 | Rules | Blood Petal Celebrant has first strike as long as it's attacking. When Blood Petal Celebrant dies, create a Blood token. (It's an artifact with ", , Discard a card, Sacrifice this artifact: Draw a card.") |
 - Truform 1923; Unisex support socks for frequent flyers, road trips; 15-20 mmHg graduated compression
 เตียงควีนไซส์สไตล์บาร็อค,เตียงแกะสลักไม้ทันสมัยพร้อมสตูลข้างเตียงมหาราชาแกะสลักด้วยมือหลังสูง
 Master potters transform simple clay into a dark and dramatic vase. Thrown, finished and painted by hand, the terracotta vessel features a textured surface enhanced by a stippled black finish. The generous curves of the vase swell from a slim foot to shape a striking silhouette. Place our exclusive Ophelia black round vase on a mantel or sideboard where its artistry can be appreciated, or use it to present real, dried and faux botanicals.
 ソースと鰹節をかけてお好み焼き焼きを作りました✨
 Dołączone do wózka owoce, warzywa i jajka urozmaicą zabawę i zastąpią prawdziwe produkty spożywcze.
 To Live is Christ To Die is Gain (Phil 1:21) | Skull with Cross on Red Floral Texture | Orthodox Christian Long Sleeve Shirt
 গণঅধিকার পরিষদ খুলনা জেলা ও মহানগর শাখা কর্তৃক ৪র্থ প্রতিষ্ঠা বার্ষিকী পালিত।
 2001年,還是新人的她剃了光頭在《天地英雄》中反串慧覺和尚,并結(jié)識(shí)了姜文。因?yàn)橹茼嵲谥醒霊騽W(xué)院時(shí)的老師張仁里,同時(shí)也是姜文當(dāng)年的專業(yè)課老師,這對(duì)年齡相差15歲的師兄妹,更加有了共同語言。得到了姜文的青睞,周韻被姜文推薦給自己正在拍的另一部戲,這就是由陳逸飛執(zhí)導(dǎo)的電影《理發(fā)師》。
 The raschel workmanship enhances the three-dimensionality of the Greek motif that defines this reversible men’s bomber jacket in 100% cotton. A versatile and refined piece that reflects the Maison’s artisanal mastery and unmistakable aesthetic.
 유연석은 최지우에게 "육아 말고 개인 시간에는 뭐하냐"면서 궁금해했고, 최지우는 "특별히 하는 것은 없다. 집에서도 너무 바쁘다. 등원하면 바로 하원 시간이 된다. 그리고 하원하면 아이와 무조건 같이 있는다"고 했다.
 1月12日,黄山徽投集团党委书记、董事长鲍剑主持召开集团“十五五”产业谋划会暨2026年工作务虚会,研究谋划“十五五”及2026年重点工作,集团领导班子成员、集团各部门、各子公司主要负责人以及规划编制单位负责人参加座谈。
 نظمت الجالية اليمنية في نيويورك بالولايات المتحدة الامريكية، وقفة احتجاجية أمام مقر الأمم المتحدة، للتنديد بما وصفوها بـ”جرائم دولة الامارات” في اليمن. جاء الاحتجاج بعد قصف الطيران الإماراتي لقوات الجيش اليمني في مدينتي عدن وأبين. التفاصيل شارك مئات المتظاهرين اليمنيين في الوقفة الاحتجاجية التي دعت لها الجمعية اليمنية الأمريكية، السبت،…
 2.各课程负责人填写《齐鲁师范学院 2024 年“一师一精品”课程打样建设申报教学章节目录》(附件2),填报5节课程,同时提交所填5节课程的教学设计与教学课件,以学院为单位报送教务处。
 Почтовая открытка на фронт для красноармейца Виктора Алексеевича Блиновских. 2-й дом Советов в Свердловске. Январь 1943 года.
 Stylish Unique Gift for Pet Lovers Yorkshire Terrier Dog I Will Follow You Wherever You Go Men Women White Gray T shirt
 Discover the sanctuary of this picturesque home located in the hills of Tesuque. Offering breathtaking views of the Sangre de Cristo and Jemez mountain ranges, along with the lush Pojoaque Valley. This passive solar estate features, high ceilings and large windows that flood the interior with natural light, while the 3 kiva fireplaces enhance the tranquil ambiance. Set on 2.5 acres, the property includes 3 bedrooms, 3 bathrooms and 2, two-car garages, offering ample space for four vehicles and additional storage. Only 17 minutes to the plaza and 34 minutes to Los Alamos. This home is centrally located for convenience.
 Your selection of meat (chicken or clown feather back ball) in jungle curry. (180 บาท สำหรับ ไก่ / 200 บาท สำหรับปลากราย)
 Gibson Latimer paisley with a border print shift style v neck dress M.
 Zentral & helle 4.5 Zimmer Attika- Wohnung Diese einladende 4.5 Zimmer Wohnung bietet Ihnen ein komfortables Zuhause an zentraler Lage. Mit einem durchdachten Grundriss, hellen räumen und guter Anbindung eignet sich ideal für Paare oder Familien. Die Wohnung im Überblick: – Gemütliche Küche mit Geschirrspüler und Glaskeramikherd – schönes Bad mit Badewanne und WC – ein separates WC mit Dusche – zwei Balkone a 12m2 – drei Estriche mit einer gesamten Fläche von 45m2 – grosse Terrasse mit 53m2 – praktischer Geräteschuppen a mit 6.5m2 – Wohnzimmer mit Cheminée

◆ Aim of the exercise ◆
Each line from the one containing "Gibson Latimer paisley" down to the last line of the material above is to be transcribed exactly, with nothing else included.

◆ Reply ◆
 Gibson Latimer paisley with a border print shift style v neck dress M.
 Zentral & helle 4.5 Zimmer Attika- Wohnung Diese einladende 4.5 Zimmer Wohnung bietet Ihnen ein komfortables Zuhause an zentraler Lage. Mit einem durchdachten Grundriss, hellen räumen und guter Anbindung eignet sich ideal für Paare oder Familien. Die Wohnung im Überblick: – Gemütliche Küche mit Geschirrspüler und Glaskeramikherd – schönes Bad mit Badewanne und WC – ein separates WC mit Dusche – zwei Balkone a 12m2 – drei Estriche mit einer gesamten Fläche von 45m2 – grosse Terrasse mit 53m2 – praktischer Geräteschuppen a mit 6.5m2 – Wohnzimmer mit Cheminée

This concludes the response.